→ **Task description**
Write out the data exactly, please, and omit the pictures.

→ **Dataset extract**

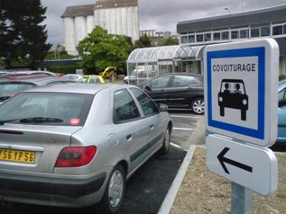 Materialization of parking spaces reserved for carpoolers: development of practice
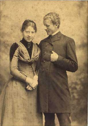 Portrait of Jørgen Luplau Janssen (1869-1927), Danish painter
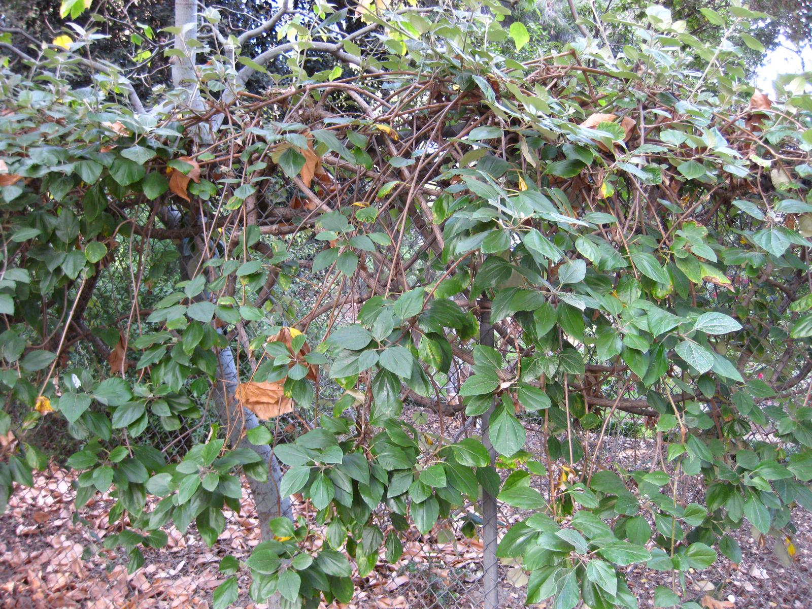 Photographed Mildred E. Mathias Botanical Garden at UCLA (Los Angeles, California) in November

→ **Completed task**
 Materialization of parking spaces reserved for carpoolers: development of practice
 Portrait of Jørgen Luplau Janssen (1869-1927), Danish painter
 Photographed Mildred E. Mathias Botanical Garden at UCLA (Los Angeles, California) in November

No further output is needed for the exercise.